Sarah has gone back, but she’s stopped tweeting so as not to disrupt the progress.

The meetings are public, the hours and agenda are posted online, the media can attend and minutes are publicly posted after. Sarah says she’s never heard of a social media silencing like this one.

“It is unusual. I’ve gone to things like the Tech Committee for the City of Seattle. Their members of their committee are actively tweeting out news. I went to an announcement by the mayor of Seattle and was live tweeting there, everyone in the audience was. So it really felt like normal to participate in a public meeting in that capacity.”

Sarah says she even consulted the ACLU, because she felt her first amendment rights might have been violated.
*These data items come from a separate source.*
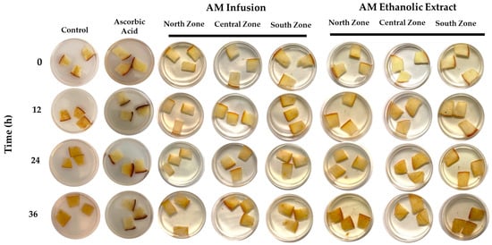 However, the ethanolic extracts from the North (12.19 ± 1.00) and especially the Central (20.81 ± 1.31) Zones exhibited significantly higher ∆E values, suggesting reduced antioxidant capacities or potential prooxidant effects. At 72 h, the browning was notably higher in the ethanolic extracts, with the Central Zone extract (32.23 ± 1.99) showing the highest ∆E, indicating a pronounced prooxidant trend. Conversely, ascorbic acid (7.55 ± 1.06) and the infusions from the North (14.56 ± 2.49) and South (14.94 ± 1.05) Zones continued to demonstrate moderate antioxidant capacity, maintaining lower browning levels compared to most of the other ethanolic extracts. These findings highlight the variability in antioxidant capacity among the treatments, with ascorbic acid remaining the most effective.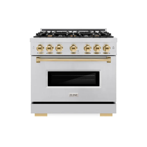 View full detailsZLINE Autograph Edition Classic Dual Fuel Ranges Burner Gas Cooktop and Electric Convection Oven in Stainless Steel with Polished Gold Accents
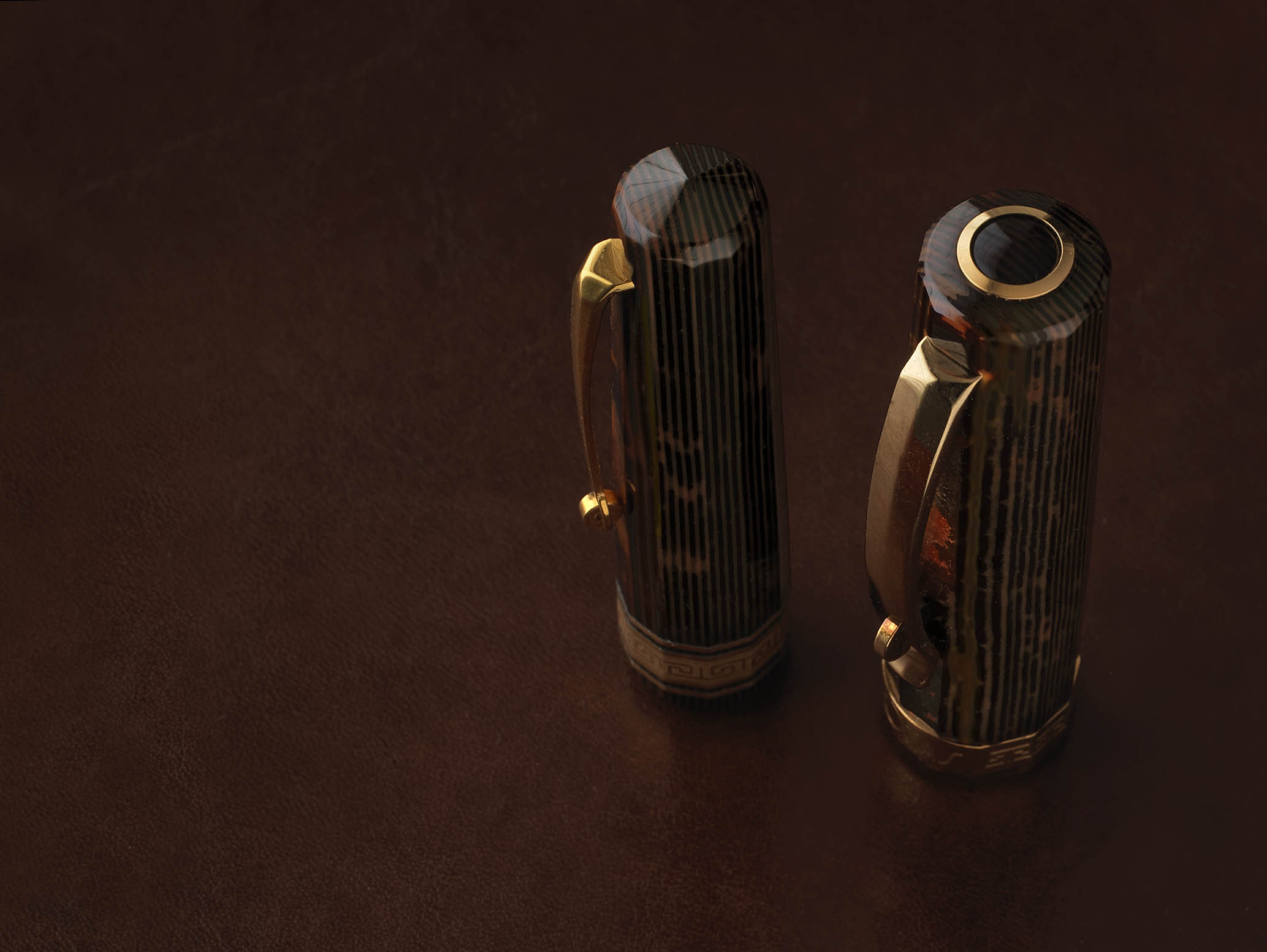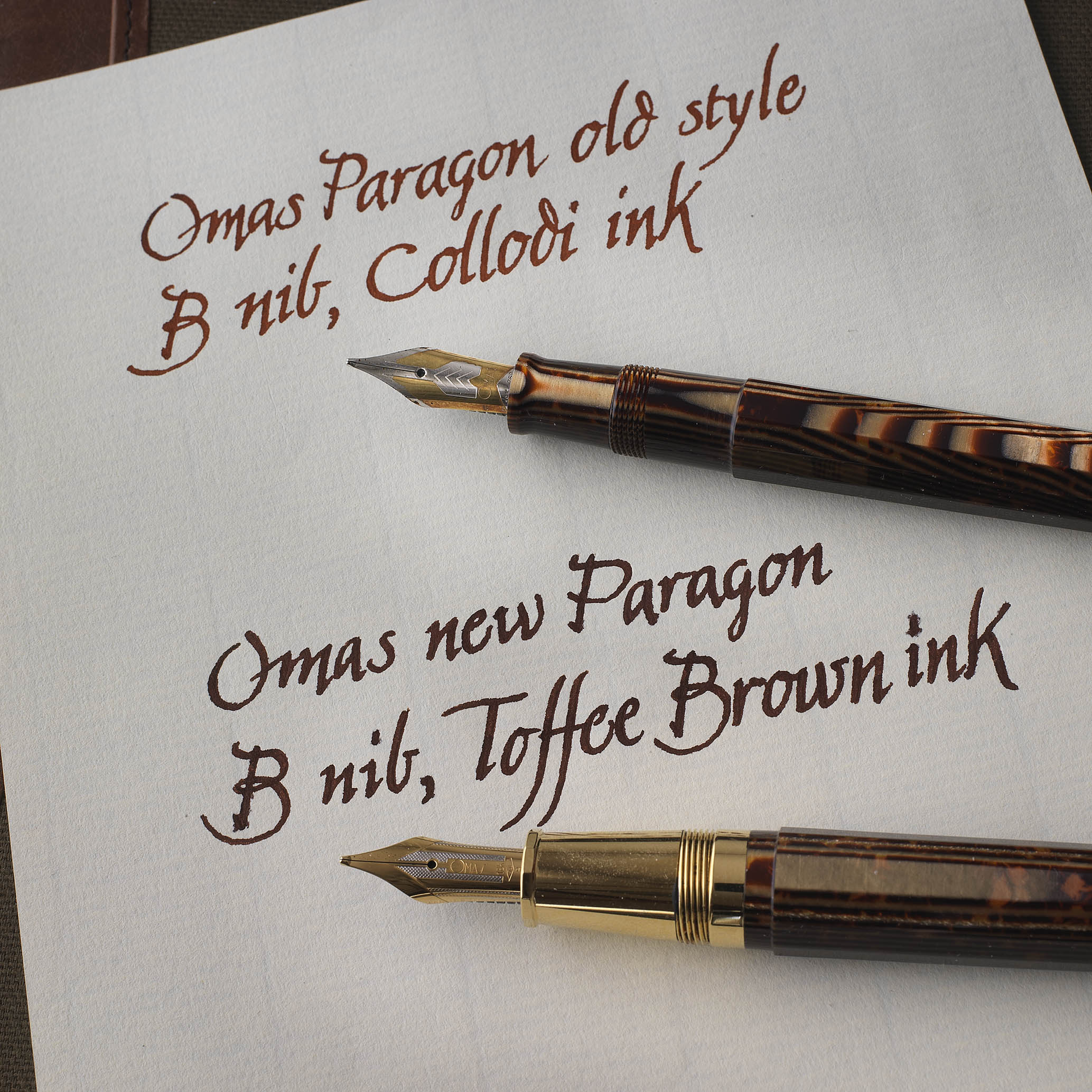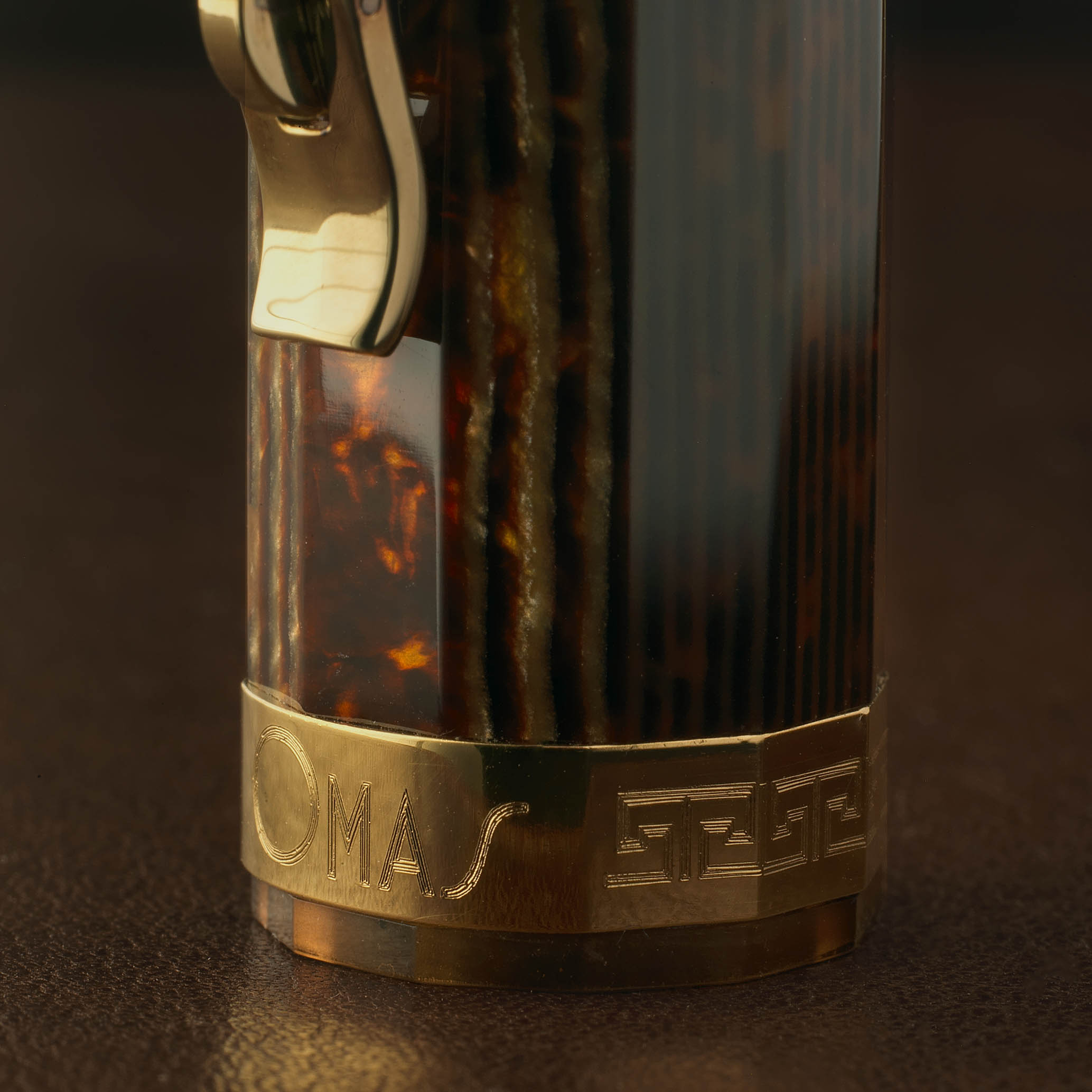 Non é rimasto molto che non sia già stato scritto a proposito della famosa penna inventata de Armando Simoni, la Omas Extra creata nel 1931 e ispirata allo stile greco classico, incluso il corpo sfaccettato dodecagonale (come le colonne doriche) e l’anello dorato sul tappo, impreziosito da un motivo a greca. La Paragon, introdotta con questo nome da Omas nel 1984 come la ammiraglia della linea Arte Italiana, era l’erede diretta delle Extra degli anni Trenta e Quaranta, via i modelli Gentlemen/Gentleman degli anni Sessanta sino agli Ottanta del secolo scorso. Nel 1991, Omas lanciò la sua Collezione Classica in Celluloide in quattro colori (incluso la Arco marrone o bronzo), alle quali si aggiunsero in seguito altri tre colori di celluloide. La produzione della Collezione Celluloide (che, oltre alla Paragon, includeva la Milord, la Dama e la Princess) terminò ufficialmente nell’anno 2000.

So I contacted Becky Elias, manager of the food program for King County and Seattle Public Health. She attends every Restaurant Reporting Committee meeting.
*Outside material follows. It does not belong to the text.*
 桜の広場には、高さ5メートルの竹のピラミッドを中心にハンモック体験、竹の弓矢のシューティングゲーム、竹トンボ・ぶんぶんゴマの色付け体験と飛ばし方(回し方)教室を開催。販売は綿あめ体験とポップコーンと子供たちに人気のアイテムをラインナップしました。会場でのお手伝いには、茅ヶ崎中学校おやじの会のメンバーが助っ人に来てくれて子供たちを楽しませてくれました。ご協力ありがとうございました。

“First I would say that it wasn’t a tweet ban.”

Becky says the meetings are public, and media is invited, but they are more like work meetings than traditional council meetings. They break into small groups and brainstorm ideas. The stakeholders, who are mostly restaurant owners, are talking out ideas and learning concepts, not making official statements. So they aren’t comfortable being quoted on social media.

“We ask that out stakeholders identify participation ground rules for the process because we knew we wanted them to be productive, we would be meeting regularly,” explained Becky. “So as the group was developing those ground rules, they also developed one of saying that because the meetings were active working sessions, that there wouldn’t be live tweeting during the meeting itself. Now, that did not preclude, by any means, the participants of the meetings from reaching out to their networks and their communities afterward. We actually really encourage them to do that to spread the word of what was being discussed in the meetings. We posted our meeting notes online.”

Becky agrees it’s important to be transparent, and says they do use social media to get important messages to the public. She thinks the committee and Sarah want the same things.

But this story brings up an interesting question: Just because it is legal, and part of modern everyday life to post everything to social media, does it mean we should always be allowed to do so?